- _PROBLEM DETAILS_
Apart from the pictures, which must be omitted, restate the data exactly.

- _AVAILABLE DATA_
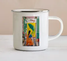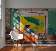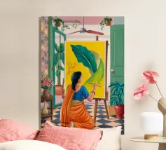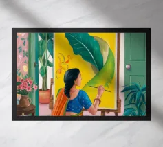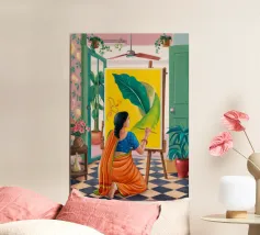 Una donna con un vivace sari verde e giallo si trova con grazia in una stanza con carta da parati a motivi e una porta che conduce a un giardino lussureggiante e illuminato dal sole, incarnando l'eleganza e il legame con la natura.
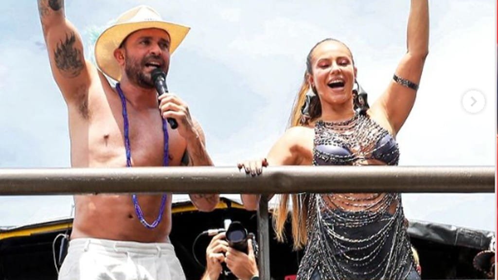 A atriz sambou debaixo do sol forte e também ficou do ladinho do amado em cima do trio elétrico, e chamou atenção com tanto samba no pé.
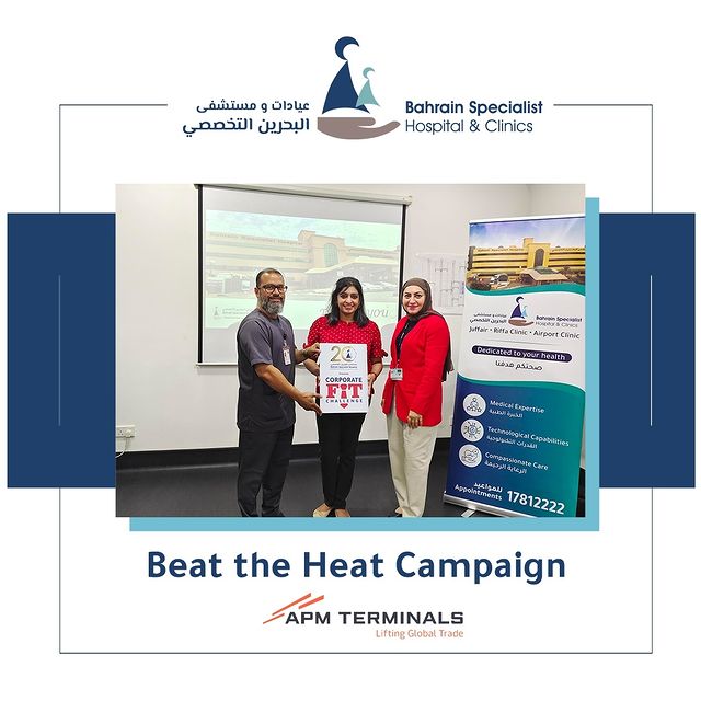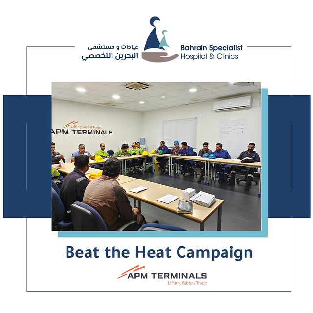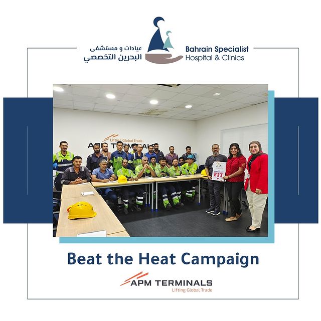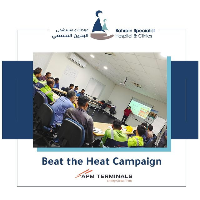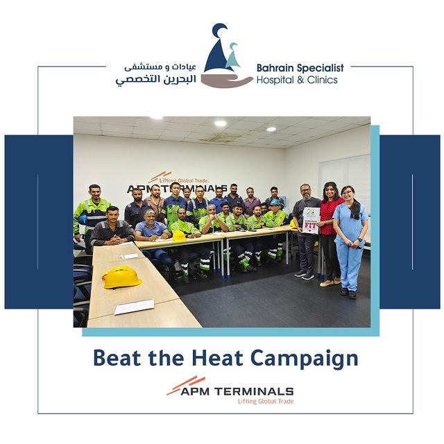 Bahrain Specialist Hospital held a summer awareness session on common skin diseases at APM Terminals clinic as part of the Beat the Heat Campaign conducted by Dr. Anitta Thampi, Dermatology Specialist. This session aims to educate and spread awareness about the most common skin problems. Here are some pictures from the workshop.
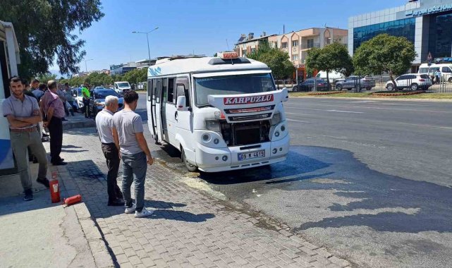Aydın'da seyir halindeki bir yolcu minibüsü motor kısmından aniden yanmaya başladı. Kısa süreli panik yaşanan olayda, yangın büyümeden söndürüldü.

- _SOLUTION TO THE PROBLEM_
 Una donna con un vivace sari verde e giallo si trova con grazia in una stanza con carta da parati a motivi e una porta che conduce a un giardino lussureggiante e illuminato dal sole, incarnando l'eleganza e il legame con la natura.
 A atriz sambou debaixo do sol forte e também ficou do ladinho do amado em cima do trio elétrico, e chamou atenção com tanto samba no pé.
 Bahrain Specialist Hospital held a summer awareness session on common skin diseases at APM Terminals clinic as part of the Beat the Heat Campaign conducted by Dr. Anitta Thampi, Dermatology Specialist. This session aims to educate and spread awareness about the most common skin problems. Here are some pictures from the workshop.
Aydın'da seyir halindeki bir yolcu minibüsü motor kısmından aniden yanmaya başladı. Kısa süreli panik yaşanan olayda, yangın büyümeden söndürüldü.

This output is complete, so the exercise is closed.